** Opening Dataset records block **
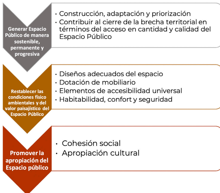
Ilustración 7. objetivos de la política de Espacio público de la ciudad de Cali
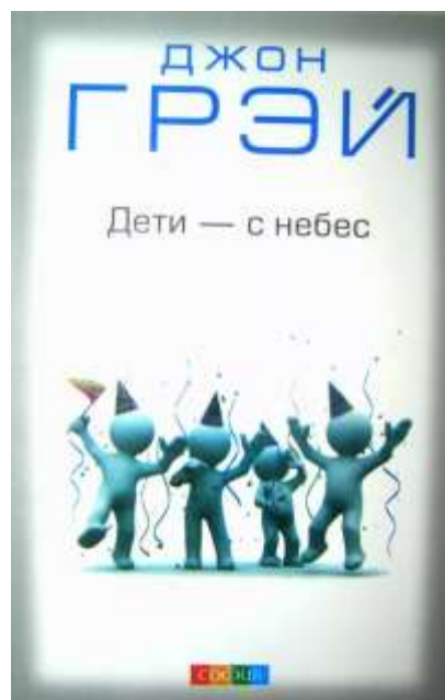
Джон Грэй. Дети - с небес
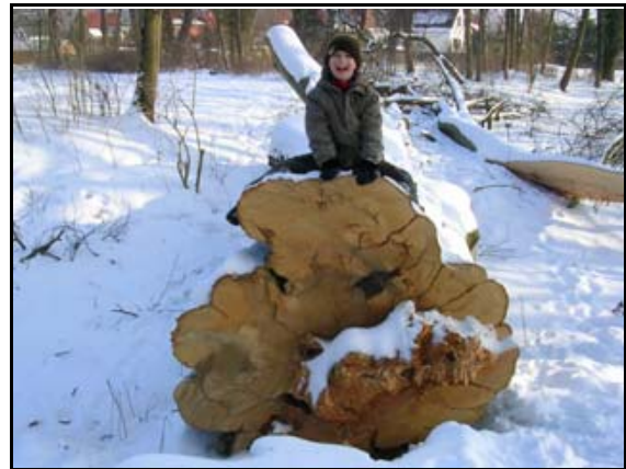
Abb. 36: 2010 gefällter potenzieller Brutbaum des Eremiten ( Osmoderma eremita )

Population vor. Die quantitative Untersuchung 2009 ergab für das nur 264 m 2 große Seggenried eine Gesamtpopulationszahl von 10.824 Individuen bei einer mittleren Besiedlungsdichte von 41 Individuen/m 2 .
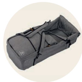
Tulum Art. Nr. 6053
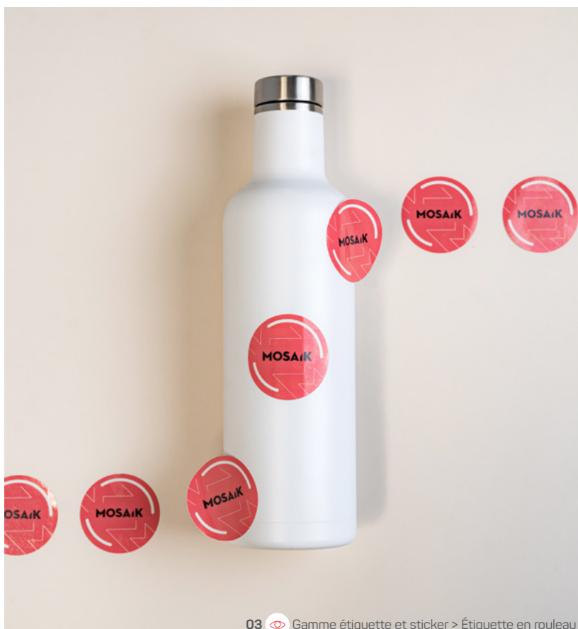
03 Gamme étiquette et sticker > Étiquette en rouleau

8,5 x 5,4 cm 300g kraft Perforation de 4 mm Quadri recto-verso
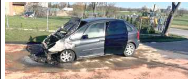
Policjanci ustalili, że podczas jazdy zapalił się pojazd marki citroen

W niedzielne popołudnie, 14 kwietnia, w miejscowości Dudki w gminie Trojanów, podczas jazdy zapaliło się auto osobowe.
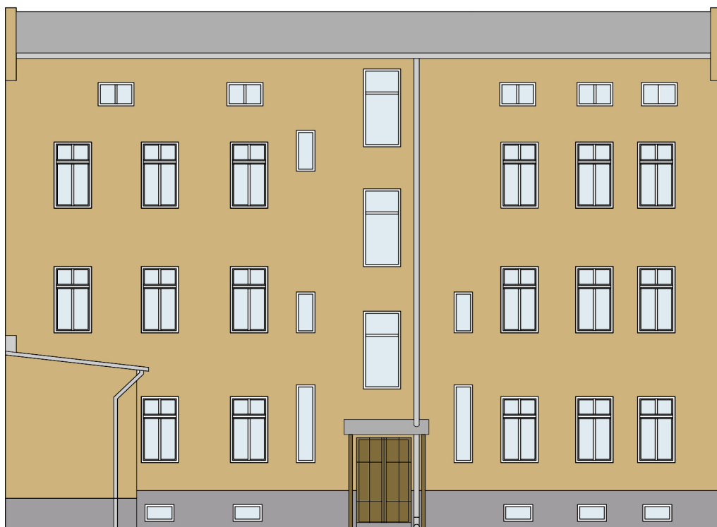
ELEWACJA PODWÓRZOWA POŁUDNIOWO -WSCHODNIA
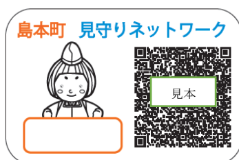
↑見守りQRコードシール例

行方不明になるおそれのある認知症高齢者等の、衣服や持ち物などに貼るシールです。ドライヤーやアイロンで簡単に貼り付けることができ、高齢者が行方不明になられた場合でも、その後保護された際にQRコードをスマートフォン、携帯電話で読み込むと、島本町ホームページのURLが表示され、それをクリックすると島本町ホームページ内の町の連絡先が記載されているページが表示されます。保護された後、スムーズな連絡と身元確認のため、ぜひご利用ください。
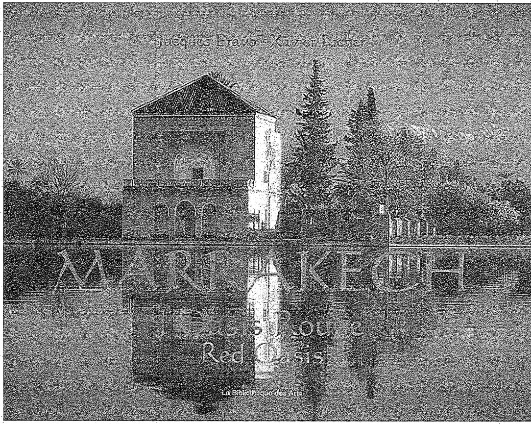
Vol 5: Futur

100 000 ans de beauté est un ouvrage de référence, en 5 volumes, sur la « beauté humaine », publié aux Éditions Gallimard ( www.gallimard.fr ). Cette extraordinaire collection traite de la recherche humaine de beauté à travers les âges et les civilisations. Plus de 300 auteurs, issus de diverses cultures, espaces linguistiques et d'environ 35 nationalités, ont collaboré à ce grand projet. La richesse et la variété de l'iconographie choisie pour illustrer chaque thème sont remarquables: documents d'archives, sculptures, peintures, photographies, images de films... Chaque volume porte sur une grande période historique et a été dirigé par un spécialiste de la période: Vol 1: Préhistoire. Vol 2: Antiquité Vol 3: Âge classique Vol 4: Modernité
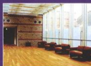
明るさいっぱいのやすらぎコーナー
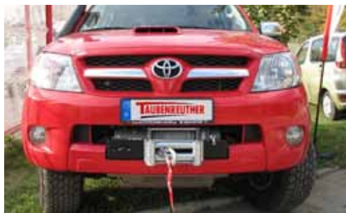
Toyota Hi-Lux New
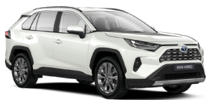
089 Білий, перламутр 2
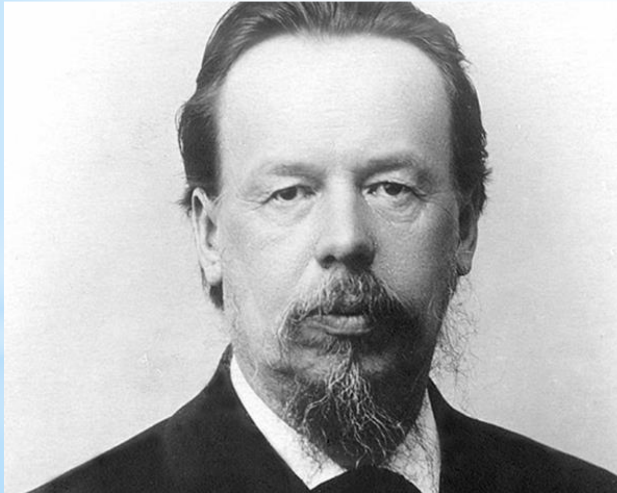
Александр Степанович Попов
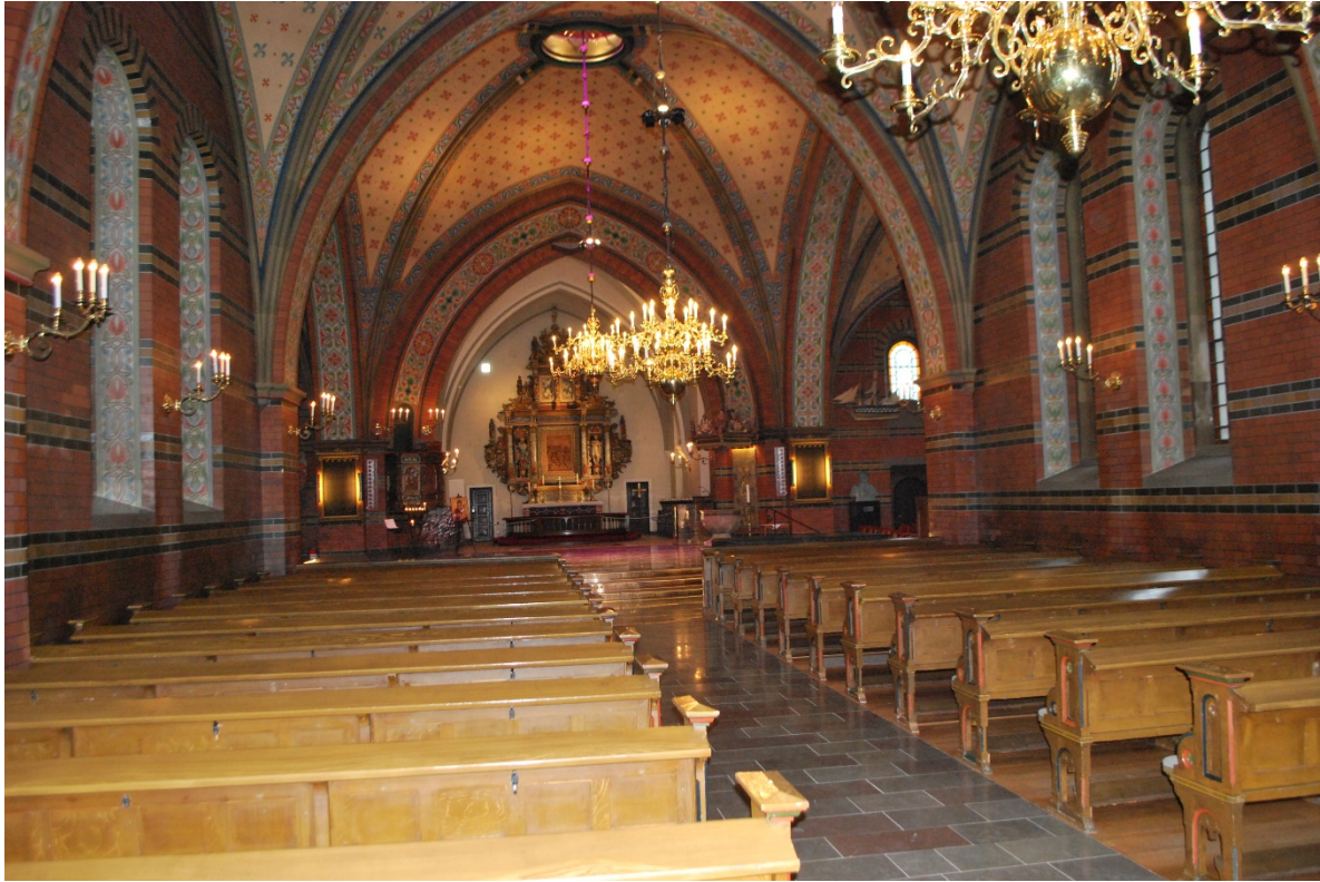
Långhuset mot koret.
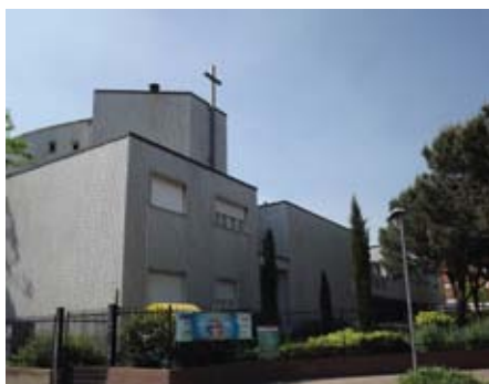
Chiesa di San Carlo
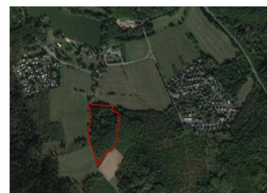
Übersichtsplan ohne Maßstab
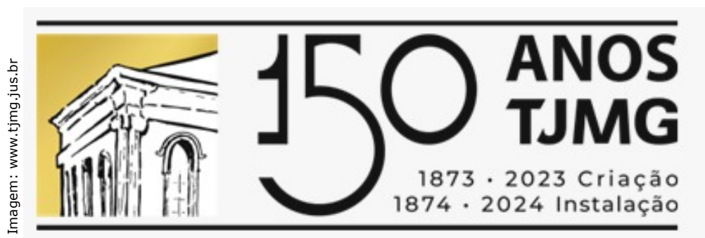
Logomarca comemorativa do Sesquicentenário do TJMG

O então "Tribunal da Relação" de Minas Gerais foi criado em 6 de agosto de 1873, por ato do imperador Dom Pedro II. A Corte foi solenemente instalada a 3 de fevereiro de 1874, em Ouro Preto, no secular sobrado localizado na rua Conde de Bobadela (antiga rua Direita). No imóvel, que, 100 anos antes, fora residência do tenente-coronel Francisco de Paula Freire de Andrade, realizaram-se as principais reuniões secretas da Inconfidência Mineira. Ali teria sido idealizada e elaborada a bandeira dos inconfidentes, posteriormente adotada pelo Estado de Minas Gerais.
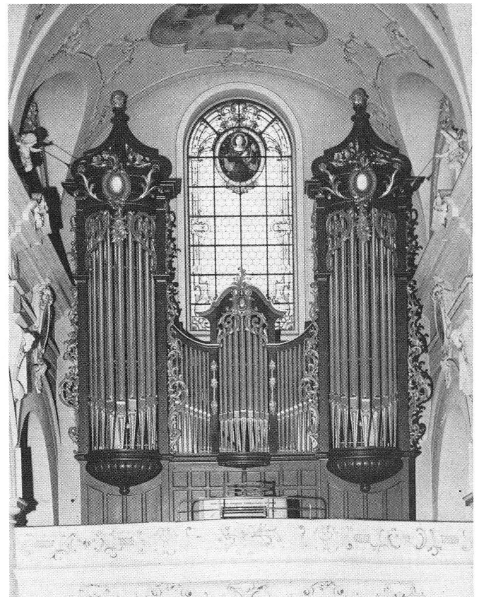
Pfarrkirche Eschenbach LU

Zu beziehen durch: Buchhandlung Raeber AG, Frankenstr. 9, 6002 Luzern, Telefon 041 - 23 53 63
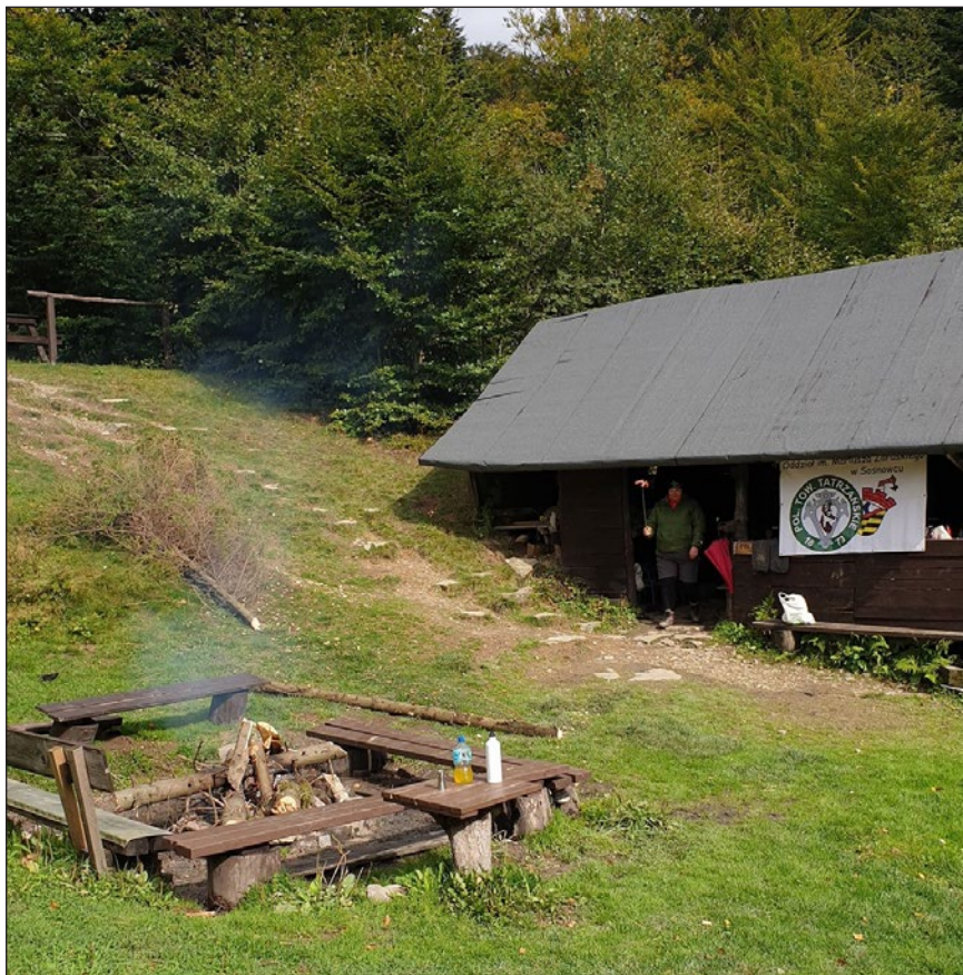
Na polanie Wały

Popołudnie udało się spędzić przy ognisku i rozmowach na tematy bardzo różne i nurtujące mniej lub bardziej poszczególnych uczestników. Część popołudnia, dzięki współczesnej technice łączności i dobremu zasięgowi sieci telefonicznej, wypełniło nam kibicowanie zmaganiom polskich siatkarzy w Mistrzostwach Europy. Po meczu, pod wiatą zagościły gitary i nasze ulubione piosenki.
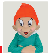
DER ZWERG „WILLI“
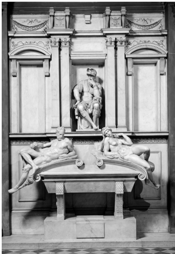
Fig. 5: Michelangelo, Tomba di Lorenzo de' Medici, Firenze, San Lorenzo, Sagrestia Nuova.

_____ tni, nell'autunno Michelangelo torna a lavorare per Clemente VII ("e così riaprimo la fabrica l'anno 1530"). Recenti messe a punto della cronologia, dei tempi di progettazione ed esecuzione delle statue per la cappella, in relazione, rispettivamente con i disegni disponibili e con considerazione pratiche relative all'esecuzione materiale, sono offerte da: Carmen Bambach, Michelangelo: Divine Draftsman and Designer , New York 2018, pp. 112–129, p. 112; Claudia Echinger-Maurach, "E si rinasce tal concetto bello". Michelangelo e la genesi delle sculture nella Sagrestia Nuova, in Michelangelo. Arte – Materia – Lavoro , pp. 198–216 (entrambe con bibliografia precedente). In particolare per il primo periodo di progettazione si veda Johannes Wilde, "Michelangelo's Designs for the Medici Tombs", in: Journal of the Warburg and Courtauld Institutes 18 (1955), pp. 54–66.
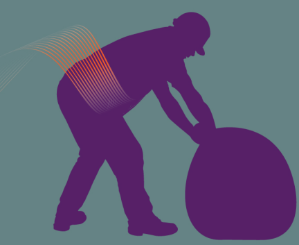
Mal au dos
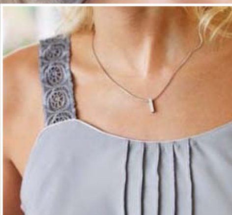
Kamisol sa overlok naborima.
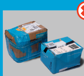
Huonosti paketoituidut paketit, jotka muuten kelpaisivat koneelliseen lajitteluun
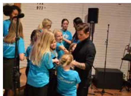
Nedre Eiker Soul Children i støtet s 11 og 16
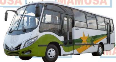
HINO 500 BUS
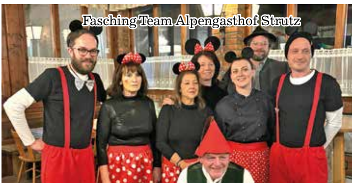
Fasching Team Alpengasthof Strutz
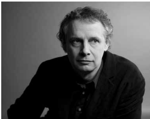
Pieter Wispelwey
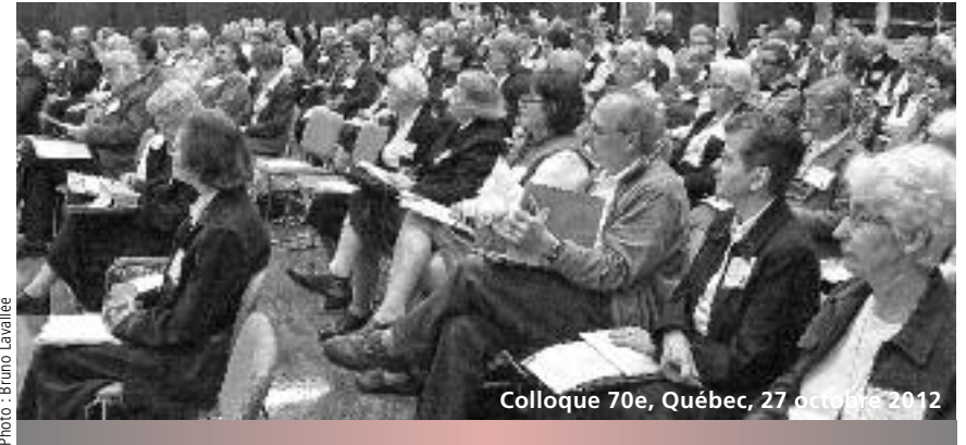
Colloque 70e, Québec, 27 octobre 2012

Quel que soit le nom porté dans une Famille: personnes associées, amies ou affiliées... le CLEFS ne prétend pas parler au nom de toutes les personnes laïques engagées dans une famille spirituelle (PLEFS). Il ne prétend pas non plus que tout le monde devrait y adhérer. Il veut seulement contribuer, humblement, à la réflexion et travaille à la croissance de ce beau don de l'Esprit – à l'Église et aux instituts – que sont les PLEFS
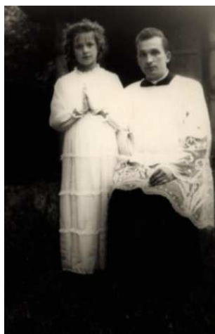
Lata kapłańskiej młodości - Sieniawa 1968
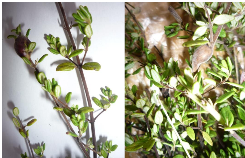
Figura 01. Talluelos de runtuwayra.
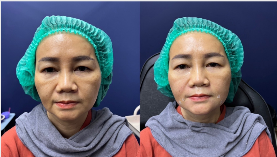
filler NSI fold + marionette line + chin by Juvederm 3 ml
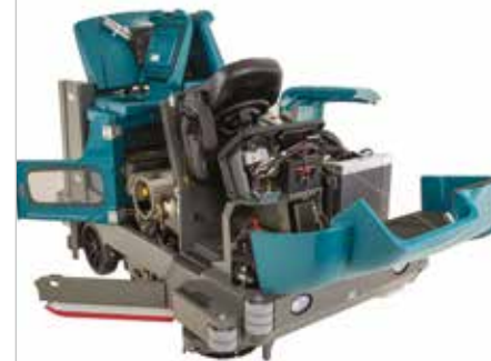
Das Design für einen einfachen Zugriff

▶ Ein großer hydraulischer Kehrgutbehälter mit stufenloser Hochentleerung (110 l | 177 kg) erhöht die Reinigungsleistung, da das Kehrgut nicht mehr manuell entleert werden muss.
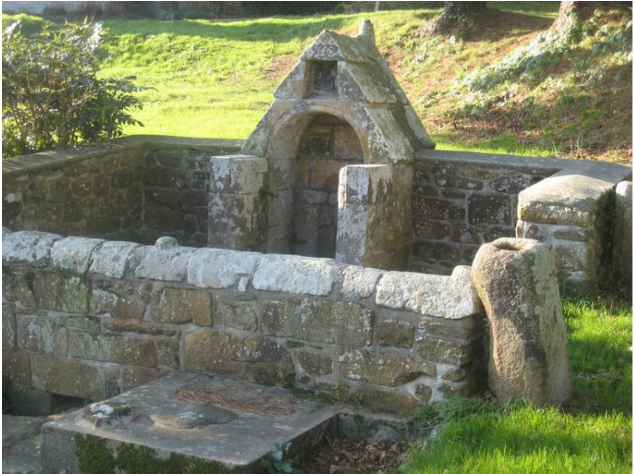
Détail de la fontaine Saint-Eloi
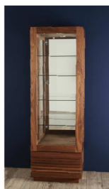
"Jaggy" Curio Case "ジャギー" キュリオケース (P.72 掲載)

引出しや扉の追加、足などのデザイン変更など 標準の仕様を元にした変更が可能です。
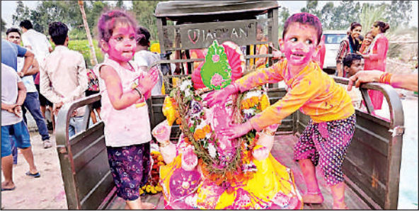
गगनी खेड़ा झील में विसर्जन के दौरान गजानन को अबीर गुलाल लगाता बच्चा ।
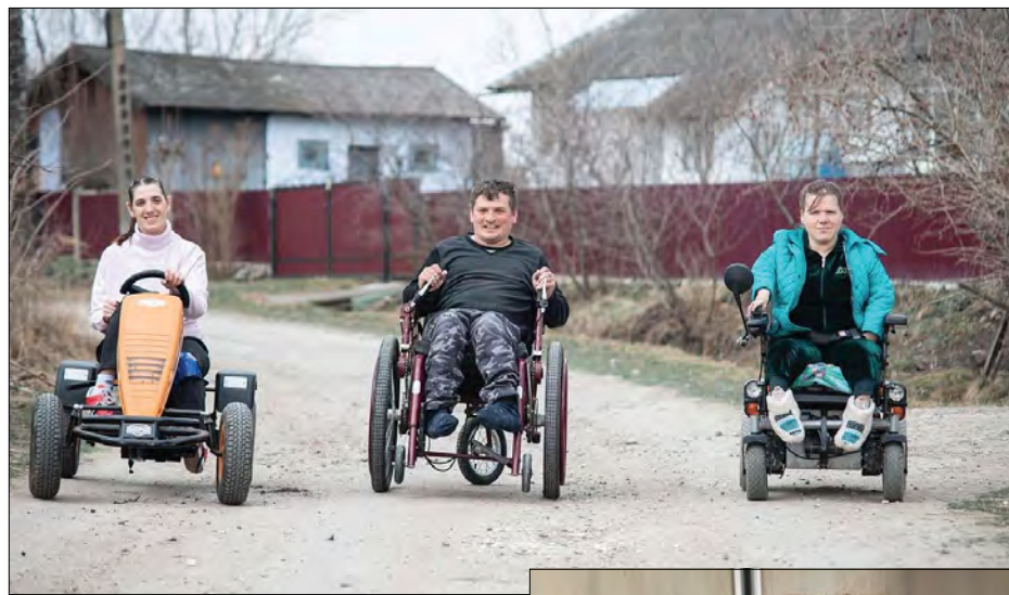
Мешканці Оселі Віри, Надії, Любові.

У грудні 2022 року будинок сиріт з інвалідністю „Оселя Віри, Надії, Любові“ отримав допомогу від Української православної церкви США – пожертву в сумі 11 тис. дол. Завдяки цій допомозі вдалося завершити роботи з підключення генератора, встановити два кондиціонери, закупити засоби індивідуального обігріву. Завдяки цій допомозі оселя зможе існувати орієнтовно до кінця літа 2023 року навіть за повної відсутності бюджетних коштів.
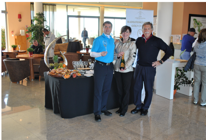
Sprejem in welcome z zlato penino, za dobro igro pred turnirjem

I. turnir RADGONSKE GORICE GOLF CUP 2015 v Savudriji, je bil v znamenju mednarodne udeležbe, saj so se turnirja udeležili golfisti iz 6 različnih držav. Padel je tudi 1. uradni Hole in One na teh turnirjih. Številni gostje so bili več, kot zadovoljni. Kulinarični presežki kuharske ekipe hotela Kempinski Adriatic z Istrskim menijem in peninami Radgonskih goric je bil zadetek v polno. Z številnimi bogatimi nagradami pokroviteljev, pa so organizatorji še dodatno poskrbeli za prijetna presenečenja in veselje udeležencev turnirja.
** Closing Dataset records block **
▶ What is required:
Above, find the line with "Toyota Hi-Lux New"; copy it and every line down to the line with "Fig. 5: Michelangelo, Tomba", exactly and both included, but no pictures.

▶ Written solution:
Toyota Hi-Lux New
089 Білий, перламутр 2
Александр Степанович Попов
Långhuset mot koret.
Chiesa di San Carlo
Übersichtsplan ohne Maßstab
Logomarca comemorativa do Sesquicentenário do TJMG

O então "Tribunal da Relação" de Minas Gerais foi criado em 6 de agosto de 1873, por ato do imperador Dom Pedro II. A Corte foi solenemente instalada a 3 de fevereiro de 1874, em Ouro Preto, no secular sobrado localizado na rua Conde de Bobadela (antiga rua Direita). No imóvel, que, 100 anos antes, fora residência do tenente-coronel Francisco de Paula Freire de Andrade, realizaram-se as principais reuniões secretas da Inconfidência Mineira. Ali teria sido idealizada e elaborada a bandeira dos inconfidentes, posteriormente adotada pelo Estado de Minas Gerais.
Pfarrkirche Eschenbach LU

Zu beziehen durch: Buchhandlung Raeber AG, Frankenstr. 9, 6002 Luzern, Telefon 041 - 23 53 63
Na polanie Wały

Popołudnie udało się spędzić przy ognisku i rozmowach na tematy bardzo różne i nurtujące mniej lub bardziej poszczególnych uczestników. Część popołudnia, dzięki współczesnej technice łączności i dobremu zasięgowi sieci telefonicznej, wypełniło nam kibicowanie zmaganiom polskich siatkarzy w Mistrzostwach Europy. Po meczu, pod wiatą zagościły gitary i nasze ulubione piosenki.
DER ZWERG „WILLI“
Fig. 5: Michelangelo, Tomba di Lorenzo de' Medici, Firenze, San Lorenzo, Sagrestia Nuova.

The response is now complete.